## Problem statement
Further down are entries; set down exactly and only the lines from the one with "クロスカブに対応 シート固定用ブラケット スーパーカブ" up to and including the one with "Метацентрические – хромосомы, у", dropping each picture.

(Study material Opens)

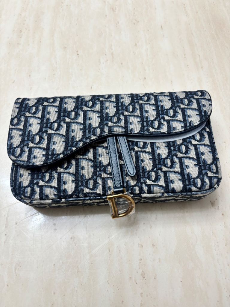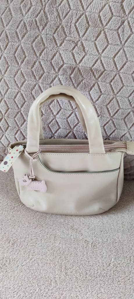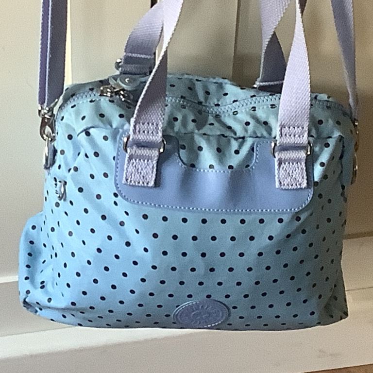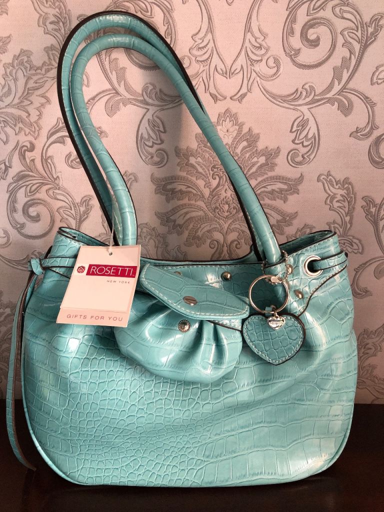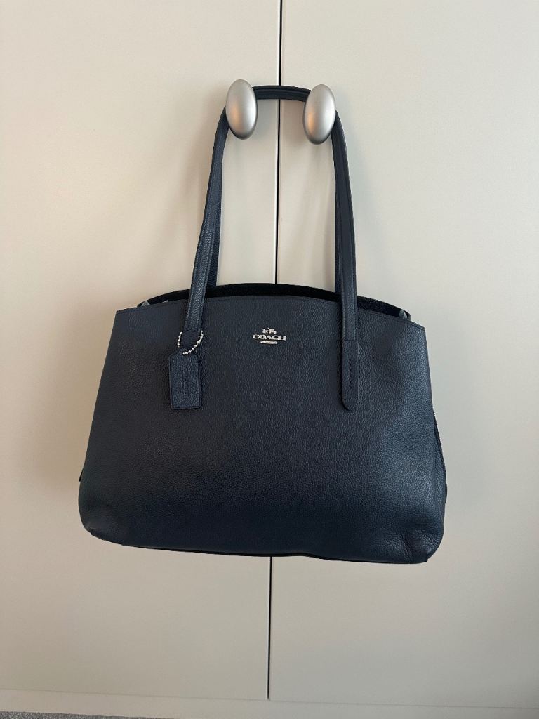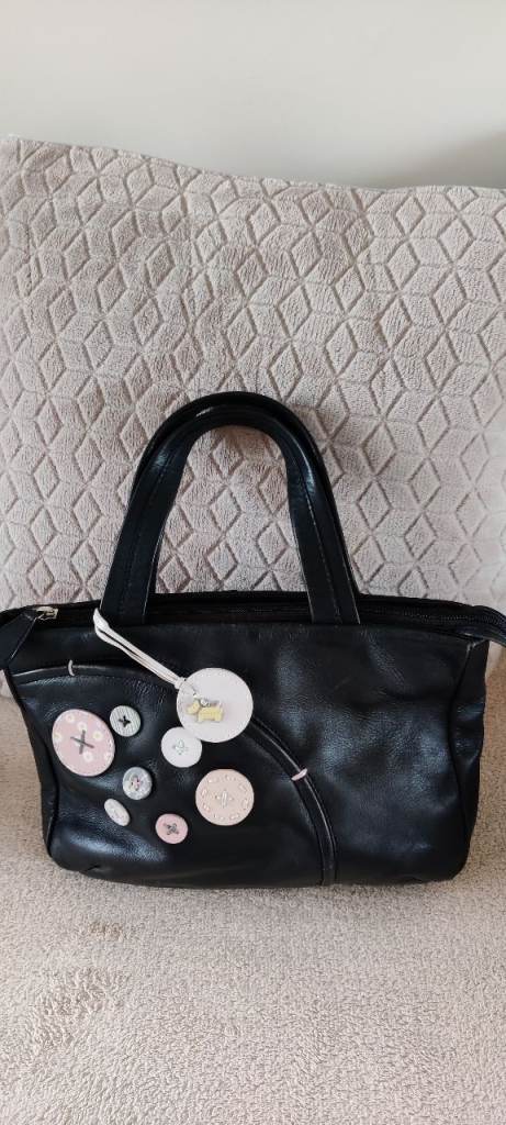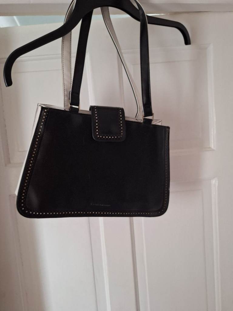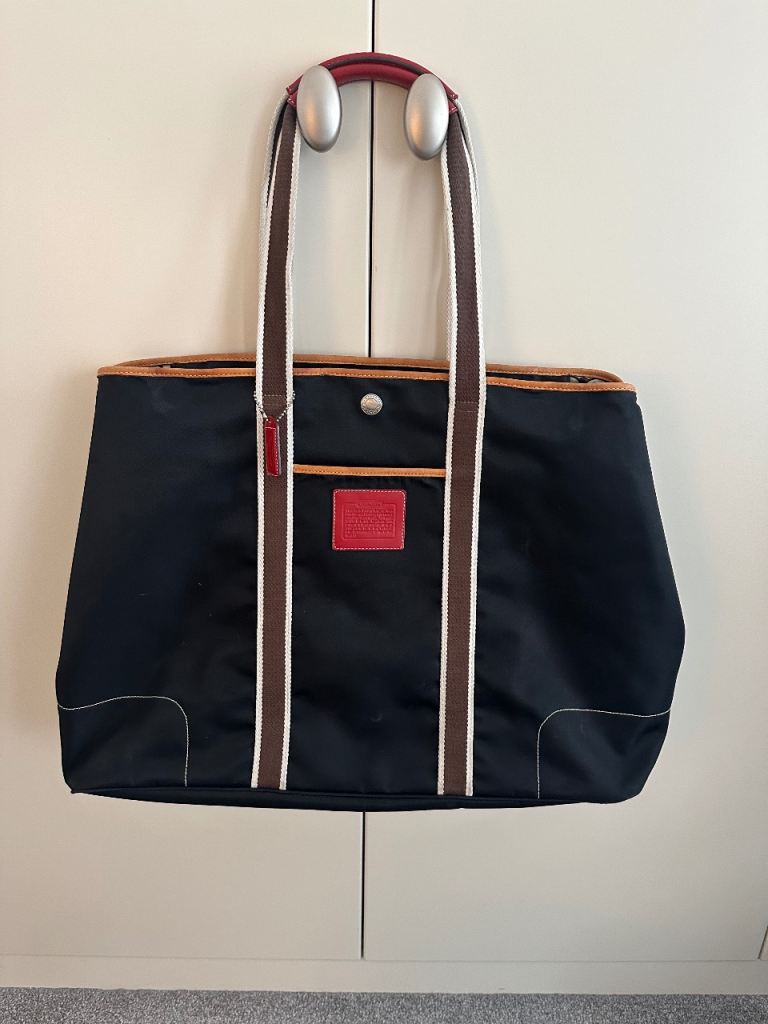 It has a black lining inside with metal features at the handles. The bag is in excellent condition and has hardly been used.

(Study material Closes)
(Study material Opens)

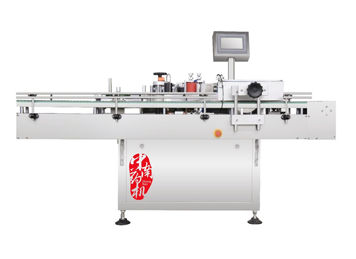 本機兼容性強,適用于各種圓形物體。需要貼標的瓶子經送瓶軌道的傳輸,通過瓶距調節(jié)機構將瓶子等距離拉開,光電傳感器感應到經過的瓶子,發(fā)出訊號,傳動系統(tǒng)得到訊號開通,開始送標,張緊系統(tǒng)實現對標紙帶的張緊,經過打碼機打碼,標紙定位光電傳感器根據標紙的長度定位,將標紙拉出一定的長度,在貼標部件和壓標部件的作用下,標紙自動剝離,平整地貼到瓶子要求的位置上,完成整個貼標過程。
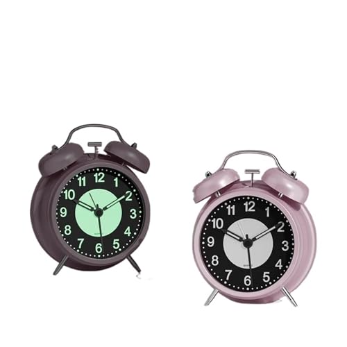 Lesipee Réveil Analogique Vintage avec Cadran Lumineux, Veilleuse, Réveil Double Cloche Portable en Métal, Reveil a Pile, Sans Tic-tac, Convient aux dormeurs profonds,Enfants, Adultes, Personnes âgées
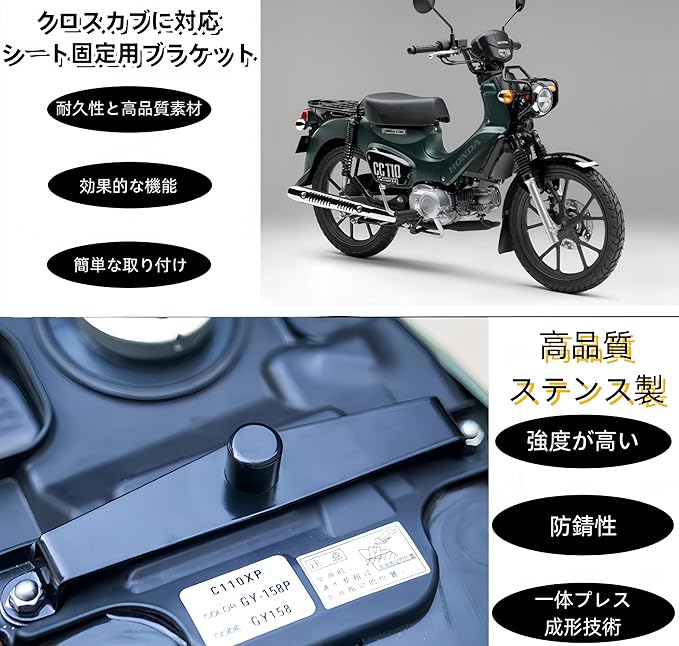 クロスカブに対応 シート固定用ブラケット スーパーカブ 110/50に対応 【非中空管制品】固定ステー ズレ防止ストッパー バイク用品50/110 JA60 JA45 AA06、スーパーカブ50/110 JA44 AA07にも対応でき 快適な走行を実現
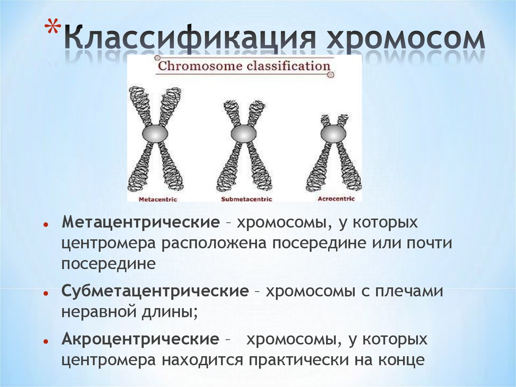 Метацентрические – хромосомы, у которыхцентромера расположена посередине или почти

(Study material Closes)
(Study material Opens)

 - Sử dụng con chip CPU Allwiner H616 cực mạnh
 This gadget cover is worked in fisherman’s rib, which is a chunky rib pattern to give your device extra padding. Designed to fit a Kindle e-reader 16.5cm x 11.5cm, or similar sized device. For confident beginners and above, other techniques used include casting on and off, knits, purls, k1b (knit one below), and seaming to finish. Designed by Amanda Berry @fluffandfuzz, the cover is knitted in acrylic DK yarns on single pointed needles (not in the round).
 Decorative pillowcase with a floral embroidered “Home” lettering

(Study material Closes)

## Answer
 クロスカブに対応 シート固定用ブラケット スーパーカブ 110/50に対応 【非中空管制品】固定ステー ズレ防止ストッパー バイク用品50/110 JA60 JA45 AA06、スーパーカブ50/110 JA44 AA07にも対応でき 快適な走行を実現
 Метацентрические – хромосомы, у которыхцентромера расположена посередине или почти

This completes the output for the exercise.